75 ↗(On Diff #150360)

Same.

This revision now requires changes to proceed.Jun 22 2018, 1:10 PM
john.brawn added inline comments.Jun 25 2018, 7:26 AM
lib/Analysis/PhiValues.cpp
45 ↗(On Diff #150360)

Why not using Danny's implementation of Tarjan's algorithm?
processPhi() would be findSCC()

The two are doing two different things:

  • findSCC partitions the phi graph into a set of subgraphs where each subgraph is an SCC (each node has an edge to every other node)
  • processPhi (implicitly) partitions the phi graph into a set of subgraphs where the underlying values reachable in a subgraph is the same

Taking the long_phi_chain.ll test as an example, findSCC gives us the components:

  1. { phi1, phi2 }
  2. { phi3, phi4, phi5 }
  3. { phi6, phi7 }
  4. { phi8, phi9, phi10 }
  5. { phi11, phi12, phi13 }
  6. { phi14 }
  7. { phi15 }

which then form an SCC graph 7 -> 6 -> 5 -> 4 -> 3 -> 2 -> 1.

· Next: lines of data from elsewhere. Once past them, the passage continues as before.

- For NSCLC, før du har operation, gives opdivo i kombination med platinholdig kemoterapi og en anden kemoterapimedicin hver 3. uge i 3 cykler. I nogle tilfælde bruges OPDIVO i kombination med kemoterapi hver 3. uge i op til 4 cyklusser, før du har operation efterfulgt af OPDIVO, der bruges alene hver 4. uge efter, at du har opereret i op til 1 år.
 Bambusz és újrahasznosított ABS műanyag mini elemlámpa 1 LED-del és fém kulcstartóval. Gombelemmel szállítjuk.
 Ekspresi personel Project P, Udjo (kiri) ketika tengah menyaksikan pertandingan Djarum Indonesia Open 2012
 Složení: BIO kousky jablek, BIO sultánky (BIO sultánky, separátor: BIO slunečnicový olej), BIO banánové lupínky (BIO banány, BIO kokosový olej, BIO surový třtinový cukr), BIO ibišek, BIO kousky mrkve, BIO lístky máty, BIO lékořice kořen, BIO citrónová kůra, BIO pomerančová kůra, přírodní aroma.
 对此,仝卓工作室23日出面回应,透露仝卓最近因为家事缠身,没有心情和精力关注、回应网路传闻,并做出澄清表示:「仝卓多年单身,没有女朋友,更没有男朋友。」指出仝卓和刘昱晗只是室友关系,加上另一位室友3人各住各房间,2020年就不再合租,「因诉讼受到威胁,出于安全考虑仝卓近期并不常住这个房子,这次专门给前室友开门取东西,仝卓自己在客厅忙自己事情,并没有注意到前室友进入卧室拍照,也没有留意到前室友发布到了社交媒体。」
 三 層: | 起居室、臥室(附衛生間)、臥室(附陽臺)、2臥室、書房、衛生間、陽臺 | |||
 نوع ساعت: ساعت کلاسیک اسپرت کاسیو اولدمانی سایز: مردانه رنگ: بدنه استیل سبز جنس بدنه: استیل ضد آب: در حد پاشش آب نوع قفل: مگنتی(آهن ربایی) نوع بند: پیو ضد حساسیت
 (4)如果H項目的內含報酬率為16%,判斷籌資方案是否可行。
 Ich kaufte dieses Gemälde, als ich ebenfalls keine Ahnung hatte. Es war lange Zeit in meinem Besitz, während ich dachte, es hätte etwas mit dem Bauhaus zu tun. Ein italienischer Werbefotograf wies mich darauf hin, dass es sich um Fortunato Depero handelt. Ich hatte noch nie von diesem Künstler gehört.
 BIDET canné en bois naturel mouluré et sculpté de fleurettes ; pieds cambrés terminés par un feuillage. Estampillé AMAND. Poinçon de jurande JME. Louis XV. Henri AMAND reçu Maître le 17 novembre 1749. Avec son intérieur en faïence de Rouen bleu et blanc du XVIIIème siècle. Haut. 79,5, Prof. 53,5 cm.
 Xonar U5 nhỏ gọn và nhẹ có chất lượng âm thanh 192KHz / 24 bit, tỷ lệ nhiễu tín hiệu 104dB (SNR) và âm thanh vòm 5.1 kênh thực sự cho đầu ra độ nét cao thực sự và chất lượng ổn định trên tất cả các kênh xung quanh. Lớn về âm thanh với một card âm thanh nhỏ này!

processPhi however needs to find that all of these phis have the same set of underlying values, and I don't see a way to do this other than looking through the SCC graph in a way very similar to how processPhi looks through the phi graph (though the SCC graph will be simpler than the phi graph).

It may be possible though to do something similar to findSCC in order to explicitly construct a 'set of phis that have the same underlying values' partitioning, i.e. numbering nodes and building up stack then stacked nodes with the same number are in the same set, but I don't know if it will be simpler/faster than what I have here. I'll give it a try though.

john.brawn added inline comments.Jun 25 2018, 10:33 AM
lib/Analysis/PhiValues.cpp
45 ↗(On Diff #150360)

It may be possible though to do something similar to findSCC in order to explicitly construct a 'set of phis that have the same underlying values' partitioning, i.e. numbering nodes and building up stack then stacked nodes with the same number are in the same set, but I don't know if it will be simpler/faster than what I have here. I'll give it a try though.

Because Tarjan's algorithm completes SSCs in bottom-up order, and the SCC graph is guaranteed to have no cycles, this turns out to be fairly straighforward. I'll rework this to do that.

john.brawn edited the summary of this revision. (Show Details)
john.brawn set the repository for this revision to rL LLVM.

Use Tarjan's algorithm in processPhi.

sebpop accepted this revision.Jun 28 2018, 5:17 AM

Looks good to me. Thanks.

This revision is now accepted and ready to land.Jun 28 2018, 5:17 AM
This revision was automatically updated to reflect the committed changes.